» **WHAT YOU HAVE TO DO**
Exclude the pictures and transcribe the rest of the data below exactly.

» **DATASET SECTION**
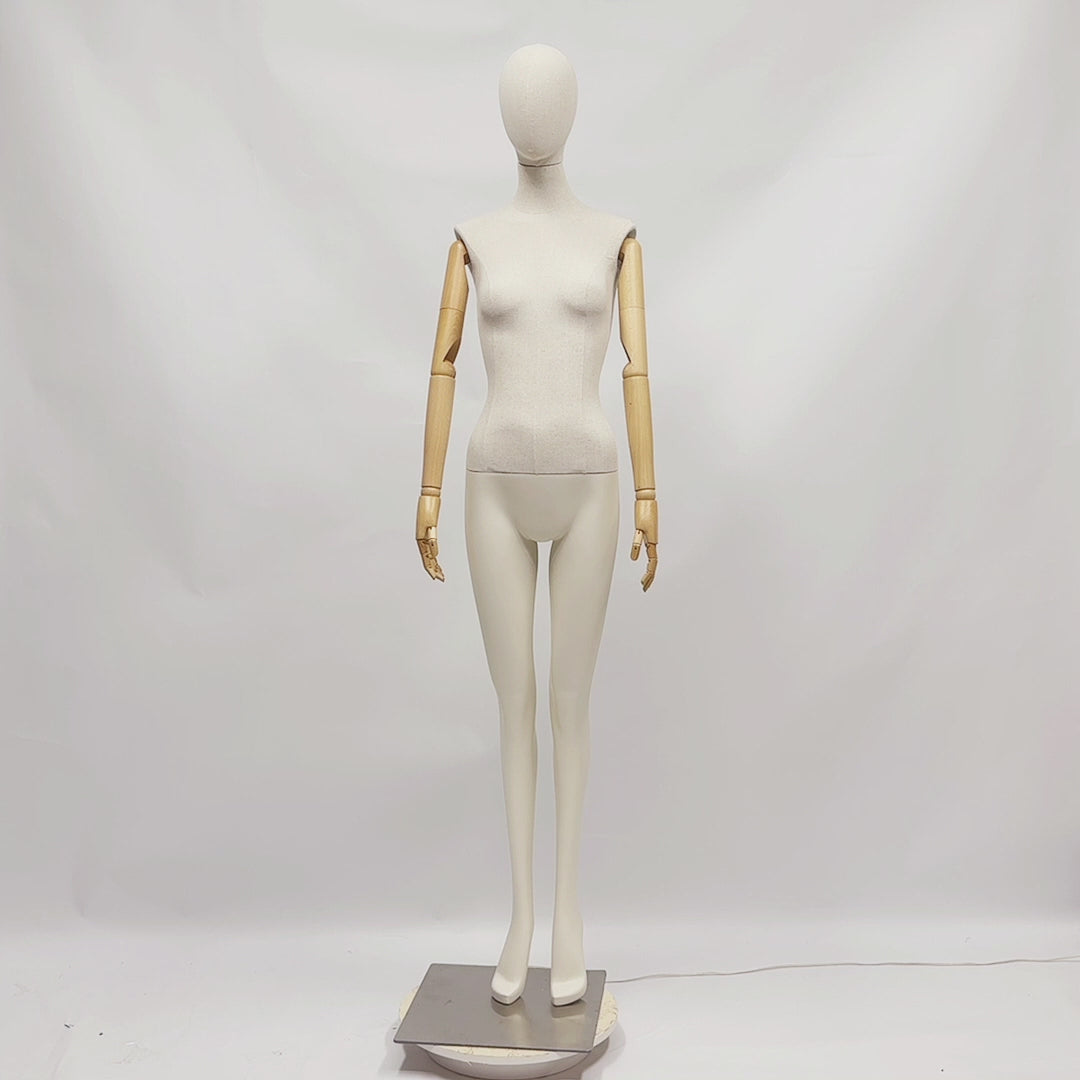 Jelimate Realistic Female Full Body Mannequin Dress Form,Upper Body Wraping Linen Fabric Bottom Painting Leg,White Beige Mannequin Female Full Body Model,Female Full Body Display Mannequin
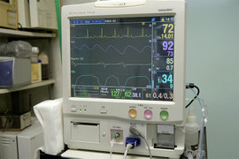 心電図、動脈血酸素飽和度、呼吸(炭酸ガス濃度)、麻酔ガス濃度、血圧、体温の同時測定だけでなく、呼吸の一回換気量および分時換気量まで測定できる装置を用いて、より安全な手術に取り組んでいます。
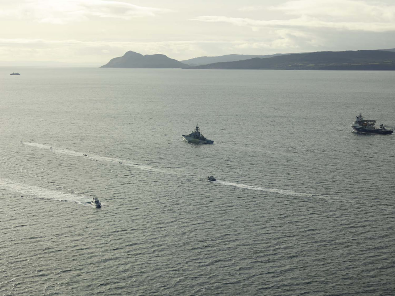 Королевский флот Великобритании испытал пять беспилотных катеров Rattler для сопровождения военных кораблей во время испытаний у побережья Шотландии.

» **EXERCISE RESPONSE**
 Jelimate Realistic Female Full Body Mannequin Dress Form,Upper Body Wraping Linen Fabric Bottom Painting Leg,White Beige Mannequin Female Full Body Model,Female Full Body Display Mannequin
 心電図、動脈血酸素飽和度、呼吸(炭酸ガス濃度)、麻酔ガス濃度、血圧、体温の同時測定だけでなく、呼吸の一回換気量および分時換気量まで測定できる装置を用いて、より安全な手術に取り組んでいます。
 Королевский флот Великобритании испытал пять беспилотных катеров Rattler для сопровождения военных кораблей во время испытаний у побережья Шотландии.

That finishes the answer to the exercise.